Task item => From the line containing "2. Простое хранение: идеальный" to the line containing "As you are well" in the entries below, reproduce every line exactly, ends included. Nothing else belongs in the copy, and no pictures.

Input data =>
━━━━━━━━━━━━━━━━
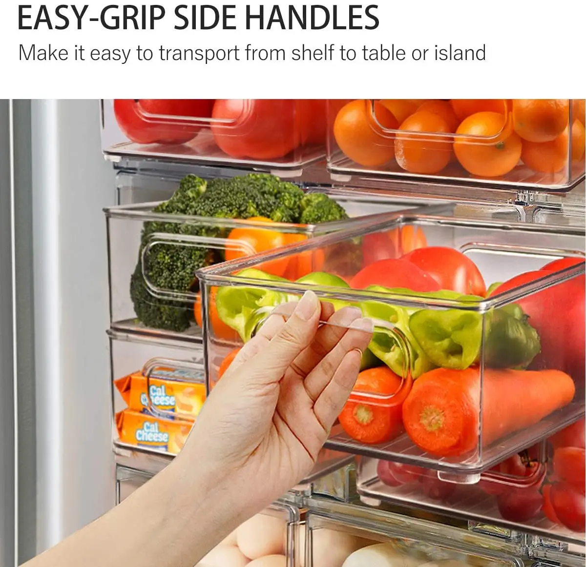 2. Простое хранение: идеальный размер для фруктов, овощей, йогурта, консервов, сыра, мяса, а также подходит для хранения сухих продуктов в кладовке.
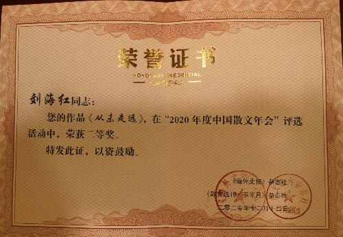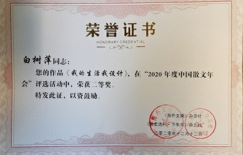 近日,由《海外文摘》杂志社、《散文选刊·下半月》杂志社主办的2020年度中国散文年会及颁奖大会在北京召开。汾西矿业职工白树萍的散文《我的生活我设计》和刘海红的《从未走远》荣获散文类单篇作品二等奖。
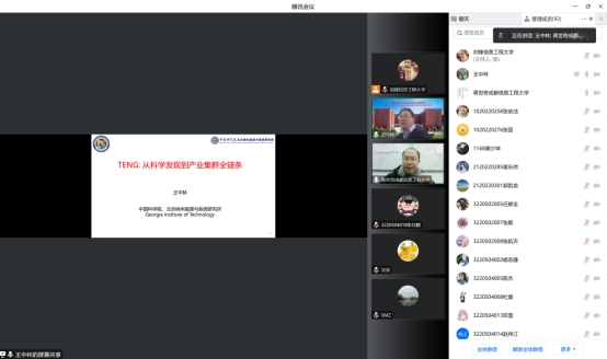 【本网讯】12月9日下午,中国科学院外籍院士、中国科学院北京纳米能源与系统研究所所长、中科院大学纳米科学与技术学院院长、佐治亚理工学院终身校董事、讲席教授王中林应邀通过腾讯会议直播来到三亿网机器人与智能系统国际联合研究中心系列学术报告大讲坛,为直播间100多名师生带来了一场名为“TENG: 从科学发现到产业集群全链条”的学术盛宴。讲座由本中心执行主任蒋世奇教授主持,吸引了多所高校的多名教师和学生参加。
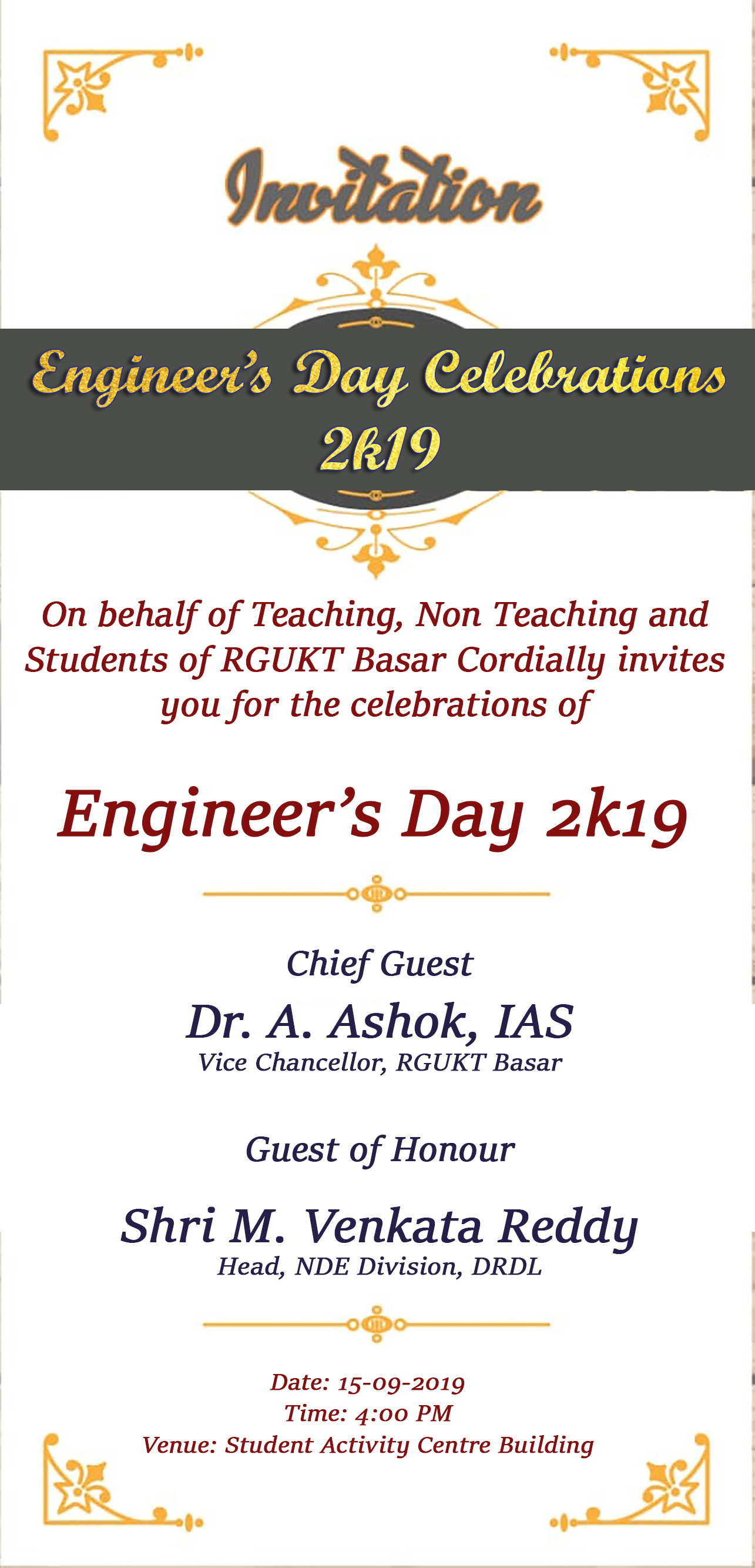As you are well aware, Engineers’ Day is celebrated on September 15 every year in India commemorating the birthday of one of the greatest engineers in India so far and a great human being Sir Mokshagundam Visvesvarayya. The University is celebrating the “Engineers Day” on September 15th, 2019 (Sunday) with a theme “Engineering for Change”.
━━━━━━━━━━━━━━━━
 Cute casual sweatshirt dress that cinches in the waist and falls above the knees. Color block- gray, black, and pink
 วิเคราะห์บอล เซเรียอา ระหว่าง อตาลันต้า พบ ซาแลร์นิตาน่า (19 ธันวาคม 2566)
━━━━━━━━━━━━━━━━
Reply =>
 2. Простое хранение: идеальный размер для фруктов, овощей, йогурта, консервов, сыра, мяса, а также подходит для хранения сухих продуктов в кладовке.
 近日,由《海外文摘》杂志社、《散文选刊·下半月》杂志社主办的2020年度中国散文年会及颁奖大会在北京召开。汾西矿业职工白树萍的散文《我的生活我设计》和刘海红的《从未走远》荣获散文类单篇作品二等奖。
 【本网讯】12月9日下午,中国科学院外籍院士、中国科学院北京纳米能源与系统研究所所长、中科院大学纳米科学与技术学院院长、佐治亚理工学院终身校董事、讲席教授王中林应邀通过腾讯会议直播来到三亿网机器人与智能系统国际联合研究中心系列学术报告大讲坛,为直播间100多名师生带来了一场名为“TENG: 从科学发现到产业集群全链条”的学术盛宴。讲座由本中心执行主任蒋世奇教授主持,吸引了多所高校的多名教师和学生参加。
As you are well aware, Engineers’ Day is celebrated on September 15 every year in India commemorating the birthday of one of the greatest engineers in India so far and a great human being Sir Mokshagundam Visvesvarayya. The University is celebrating the “Engineers Day” on September 15th, 2019 (Sunday) with a theme “Engineering for Change”.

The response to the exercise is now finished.